| Title: | High-Dimensional Multi-Study Robust Factor Model |
|---|---|
| Description: | We introduce a high-dimensional multi-study robust factor model, which learns latent features and accounts for the heterogeneity among source. It could be used for analyzing heterogeneous RNA sequencing data. More details can be referred to Jiang et al. (2025) <doi:10.48550/arXiv.2506.18478>. |
| Authors: | Wei Liu [aut, cre], Xiaolu Jiang [aut] |
| Maintainer: | Wei Liu <[email protected]> |
| License: | GPL-3 |
| Version: | 1.1.0 |
| Built: | 2026-05-06 05:06:02 UTC |
| Source: | https://github.com/feiyoung/multirfm |
Generate simulated data for multi-study factor analysis under different error distributions.
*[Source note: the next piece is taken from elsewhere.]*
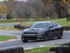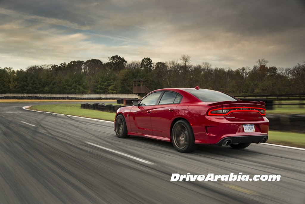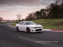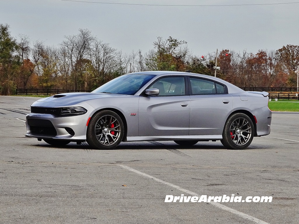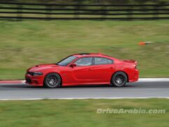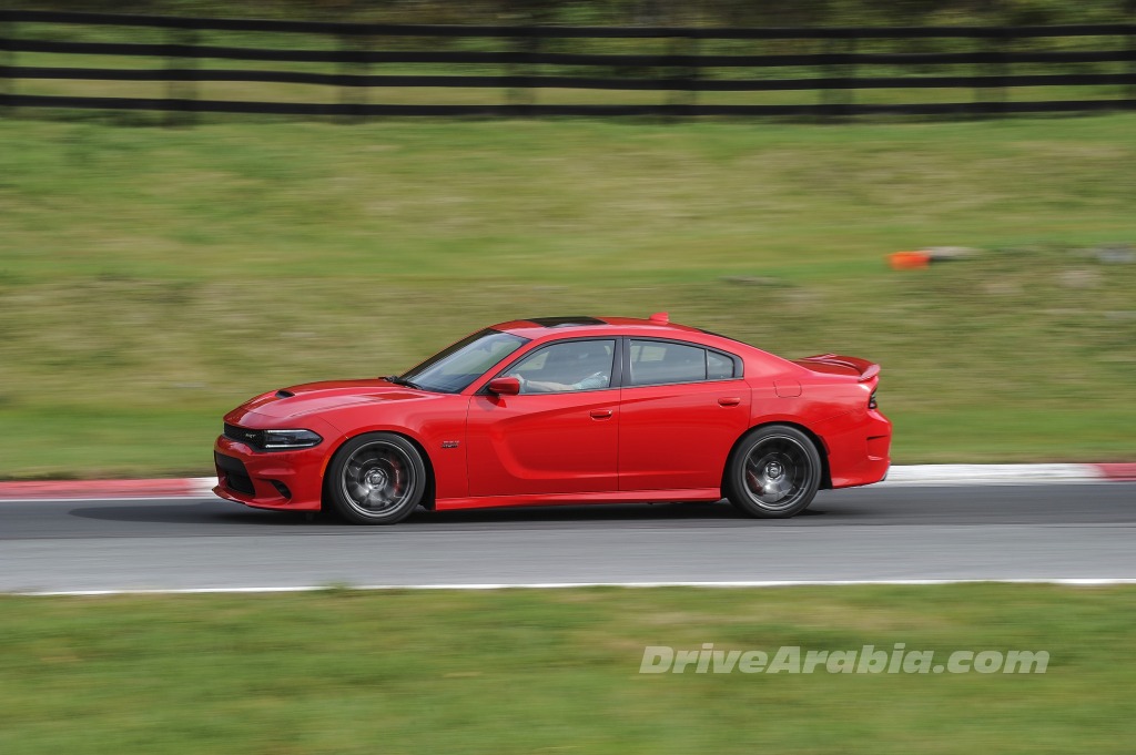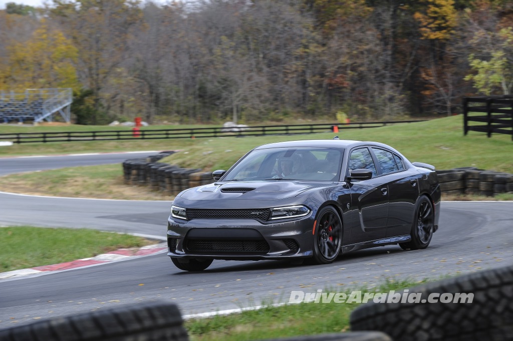 بعد قيادة طويلة بغير سيارات التشارجر إلى حلبة ساميت بوينت ريسواي، بدأنا بتجربة Charger SRT Hellcat أولاً، النسخة الأحدث في العائلة تملك محركاً بسعة 6,2 ليتر V8 يعطي قوة 707 حصان وعزم 880 نيوتن متر. انطلقنا من وقفة الصيانة بشكل هادئ، دون غزلٍ للعجلات، حتى مع تشغيل ميزة ESP في الوضع الأكثر رياضيةً. التحكم بها بسيط لدرجة تظن نفسك تقود سيارة نيسان تيدا، مما يجعلك تؤمن بأنها ليست بالسيارة التي يمكن أن تودي بك إلى حتفك بدون سبب واضح.

The data follows a factor model with common factors (shared across studies) and study-specific factors (unique to each study), plus noise.
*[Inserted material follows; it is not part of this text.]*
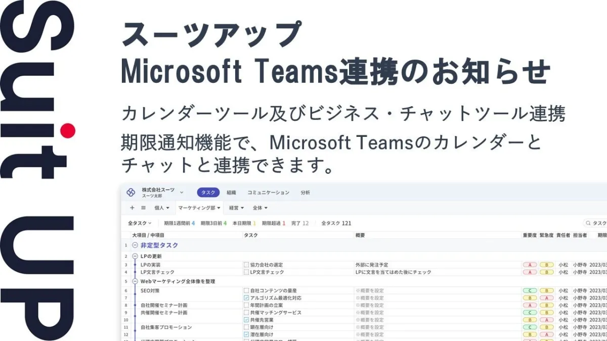 最近、株式会社スーツが手掛けるAIタスク管理・プロジェクト管理ツール「スーツアップ」が大きな進化を遂げました。新たに搭載されたMicrosoft Teamsとの連携機能によって、タスク管理が今まで以上にスムーズに行えるようになったのです。この連携により、タスクの期限通知やコミュニケーションが一元化され、業務の効率化が図れるようになります。

gendata_simu_multi( seed = 1, nvec = c(100, 300), p = 50, q = 3, qs = rep(2, length(nvec)), err.type = c("gaussian", "mvt", "exp", "t", "mixnorm", "pareto"), rho = c(1, 1), sigma2_eps = 0.1, nu = 1 )gendata_simu_multi( seed = 1, nvec = c(100, 300), p = 50, q = 3, qs = rep(2, length(nvec)), err.type = c("gaussian", "mvt", "exp", "t", "mixnorm", "pareto"), rho = c(1, 1), sigma2_eps = 0.1, nu = 1 )
seed |
Integer, default = 1. Random seed for reproducibility of simulated data. |
nvec |
Numeric vector (length >= 2). Sample sizes of each study (e.g., 'c(150, 200)' for 2 studies with 150 and 200 samples). |
p |
Integer, default = 50. Number of variables (features) in the data. |
q |
Integer, default = 3. Number of common factors (shared across all studies). |
qs |
Numeric vector with length equal to 'length(nvec)', default = 'rep(2, length(nvec))'. Number of study-specific factors for each study (e.g., 'c(2,2)' for 2 studies each with 2 specific factors). |
err.type |
Character, default = "gaussian". Error distribution type, one of: - "gaussian": Gaussian (normal) distribution; - "mvt": Multivariate t-distribution; - "exp": Exponential distribution (centered to mean 0); - "t": Univariate t-distribution (independent across variables); - "mixnorm": Mixture of two normal distributions; - "pareto": Pareto distribution (centered to mean 0). |
rho |
Numeric vector of length 2, default = 'c(1,1)'. Scaling factors for: - 'rho1': Common factor loadings (matrix 'A0'); - 'rho2': Study-specific factor loadings (matrix list 'Blist0'). |
sigma2_eps |
Numeric, default = 0.1. Variance of the error term (controls noise level). |
nu |
Integer, default = 1. Degrees of freedom for t-distribution ("mvt" or "t" 'err.type'). Ignored for other error distributions. |
The simulated data follows the multi-study factor model:
Xs = mu0s + Fs x A0 + Hs x B0s + epsilons
True parameters ('A0', 'Blist0', 'mu0') are generated with orthogonal constraints to ensure identifiability.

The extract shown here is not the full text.